What to Do When You Hear a Squirrel in the Attic
When you hear a squirrel in the attic, there are two things you should know. First, squirrels carry their nuts into the attic and try to bury them in the insulation. If they succeed, they may continue digging through the insulation, and you may hear their noises in the rooms below. Secondly, you should know that squirrels dig travel and den tunnels in the insulation, which makes them easy to hear.
Typical behavior of a squirrel
If you are hearing rattling or chirping, chances are that a squirrel is in your attic. Squirrels are extremely active at night. The sound you are hearing is a squirrel scurrying around, either in search of food or to communicate. Squirrels don’t typically make vocal sounds at night, and you can usually tell by its behavior if you hear it.
Squirrels are known for leaving paw prints. They typically leave tracks in dusty areas. Their back paws are five fingers long, making it easy to spot their tracks. If you suspect a squirrel, check out the size of its front paws. Their front paws are shorter than their back paws, and they usually bound forward with their back feet in line. In addition to leaving paw prints, you can also look for grease spots and tracks left by the animals.
You may be concerned about baby squirrels. Fortunately, squirrels don’t leave welcome mats, so you can usually catch them in the act before they have a chance to escape. However, this doesn’t mean you should take drastic measures right away. Wait at least six weeks before taking action against a squirrel infestation. But you don’t want to risk the welfare of the baby squirrels.
Common sources of attic noise
One common source of attic noise is the activity of squirrels. These animals are diurnal, and their activity tends to be at its peak during the early morning and late evening hours. You can identify the source of noise by the sounds it makes, including scratching, gnawing, and scurrying. Nevertheless, if you hear these sounds during the day, it is probably a raccoon or mouse.
You may hear a rustling sound from your attic, but that’s no comforting noise at all. Quite possibly, it is a squirrel, one of the bushy cousins of rodents. North Carolina, for example, has more squirrels than it can count. Squirrels are acrobatic rodents and have no problem climbing roofs and attics. They are often unseen by humans, but they can ruin your home if they let themselves loose.
Ways to frighten a squirrel
If you’re worried about a squirrel in your attic, you can try one of these ways to scare the animal away. If the squirrel has an active nest in your attic, you can bang on the rafters and speak loudly in the attic to make it leave. You can also place a bright light or rags soaked in cider vinegar in the attic to scare it away. If these methods don’t work, it is time to call a professional squirrel removal company.
While these methods are not foolproof, they can provide you with great results. Follow the instructions carefully, and your attic will be free of squirrels in no time. Regardless of how you decide to scare a squirrel, remember that you can only scare the animal away after following proper precautions. Make sure to check the attic often and follow the tips mentioned in this article to make sure the animal doesn’t come back.

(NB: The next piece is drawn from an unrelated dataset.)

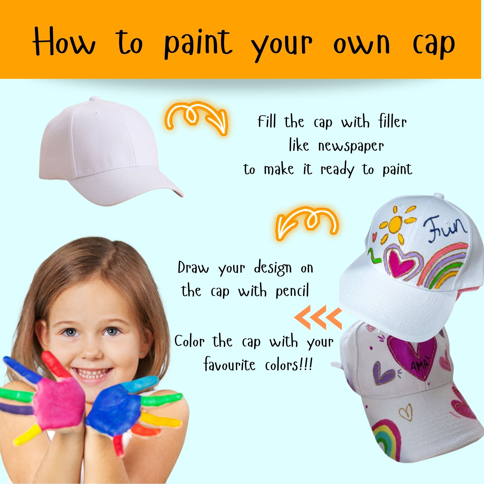 Express yourself and create a wearable piece of art with the Creative Cap Painting Kit. Order yours today and start designing!

Ways to get rid of a squirrel
Having a squirrel infestation can be a scary prospect for many homeowners. After all, you don’t want any pests living in your home. And facing an infestation in your attic is even worse. A squirrel infestation will only increase the number of these pests, which could eventually threaten your home. As the squirrels multiply, they will also damage your electrical wires. Hence, if you find a squirrel in your attic, it is time to check if there are any new fire hazards.
The most common complaint about squirrels in the attic is clicking noises. This noise is caused by squirrels using the attic as their personal bathroom. They generally leave the attic during the warmer hours of the day. If you find baby squirrels, make sure to leave the nest for a few weeks until they have a chance to survive without a mother.
Jessica Watson is a PHD holder from the University of Washington. She studied behavior and interaction between squirrels and has presented her research in several wildlife conferences including TWS Annual Conference in Winnipeg.